# Looking for help with dried venison sausage recipe



## rinker312 (Oct 5, 2012)

All,

When I was a kid living in PA my dad would take all the ground meat from any deer that we got to a guy that would make us a smoked sausage.  When we got it back we would hang it up in the basement or attic and let it dry for several weeks until the outside was all black and ugly looking.  I used to like it when the inside was still just a little pink and not completely dried out.  I remember it had anise or fennel in it, but no idea where else to start.  The guy no longer does this and we cannot get any details on his recipe.  is there a name for this specific type of sausage that you hang to dry?

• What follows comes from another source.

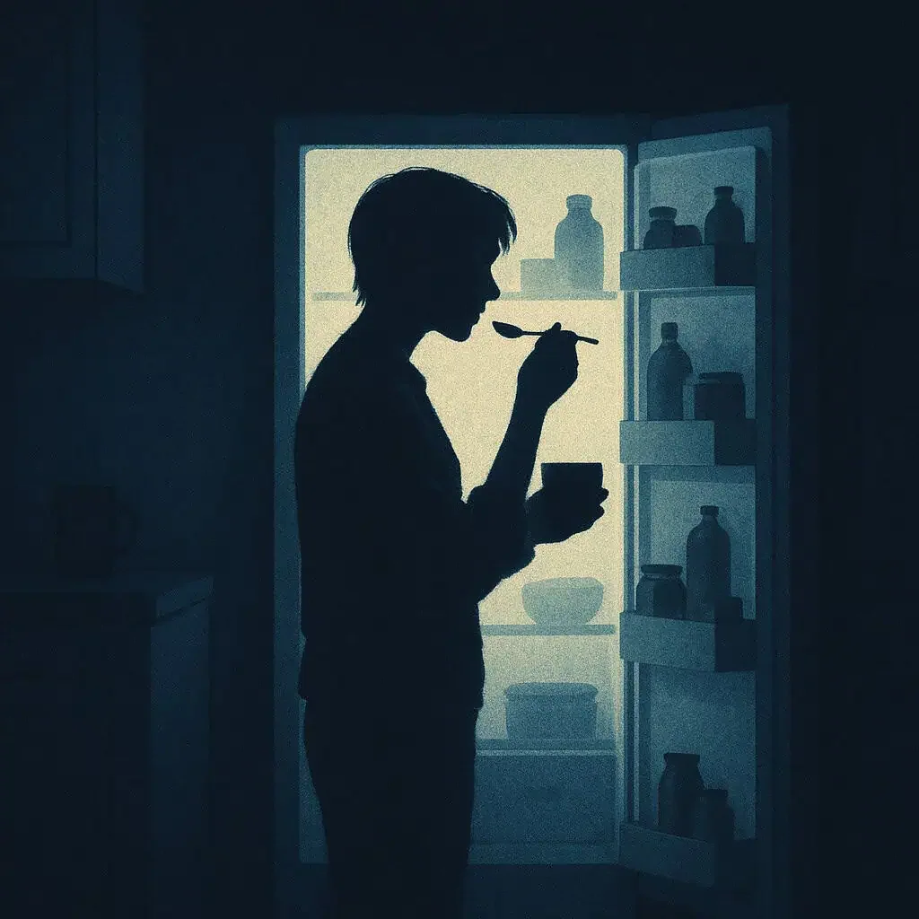 Nem úgy indul, hogy “ma éjjel, 22:47-kor bekapok három kanál nutellát”. Nem. Az úgy kezdődik, hogy csak kimész egy pohár vízért. Aztán véletlenül meglátod a sajtot. Vagy a maradék sütit. Vagy azt a valamit, amit már délelőtt kinéztél, de akkor még erős voltál. Most viszont – már nem is kérdés.

I have tried a few times to recreate it, but it didn't turn out very well. I have no idea what the venison to pork ration should be, if I have to heat this type of sausage up to a specific temp, etc... 

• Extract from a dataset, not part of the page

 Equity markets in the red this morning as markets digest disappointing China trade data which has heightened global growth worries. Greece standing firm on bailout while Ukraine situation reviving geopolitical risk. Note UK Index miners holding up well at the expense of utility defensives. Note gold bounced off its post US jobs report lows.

I have not been able to find any recipes for how to make anything like this.

Is there anyone out there that is familiar with what I am talking about and may be able to point me to a recipe on how to make a sausage similar to this?  I used to love this stuff, and I am hoping someone can give me some guidance on how to make something similar.  Also, now I live in TN.  Will I have any problems drying this stuff out since the weather is not as cold here, or just hang it in the attic and maybe give it a little longer to dry?

I just completed a better smoker for sausage making so I am really looking forward to giving it a try again.

any help is greatly appreciated.


----------



## pops6927 (Oct 5, 2012)

I think Nepas would be the person to ask as he is a semi-dry sausage maker KING and knows many recipes.  I can give him a shout and see if he can stop in and provide some guidance, ok?

PM sent!


----------



## rinker312 (Oct 5, 2012)

That would be great, thanks for hte help.


----------



## boykjo (Oct 5, 2012)

He might have made some venison landjaeger..........

http://honest-food.net/wild-game/venison-recipes/burger-meatball-recipes/venison-landjaeger/

Joe


----------



## diggingdogfarm (Oct 5, 2012)

rinker312 said:


> Is there anyone out there that is familiar with what I am talking about and may be able to point me to a recipe on how to make a sausage similar to this?



Sounds like Venison Salami Finocchiona (Fennel Salami).

Here's a recipe that could easily be converted to venison......

http://www.wedlinydomowe.com/sausage-recipes/salami-finocchiona

And info on fermenting sausages.....

http://www.wedlinydomowe.com/sausage-types/fermented-sausage


~Martin


----------



## rinker312 (Oct 5, 2012)

I don't think it is Landjaeger or Salami although thanks for the links I plan on trying some different stuff this year and will hold on to these links.  Searching around on the web looking at pictures I found the web site below that has a product that looks similar to what he used to make.  they just called it Dried venison ring.

http://www.venisonworld.com/product.asp?productID=14064


----------



## diggingdogfarm (Oct 5, 2012)

Yep, looks like the dried venison salami we used to make. :biggrin:


~Martin


----------



## BGKYSmoker (Oct 6, 2012)

What you show in the link is dried ring using cure #2. Landjaeger can be done in rings or loops. I lived in NEPA and did dried venison & elk. Gimme a couple days to look thru my recipes.


----------



## rinker312 (Oct 6, 2012)

That would be great. Thanks for your help


----------



## rinker312 (Oct 31, 2012)

NEPAS, just wondering if you were ever able to run down a recipe for this? 

Thanks for your help.


----------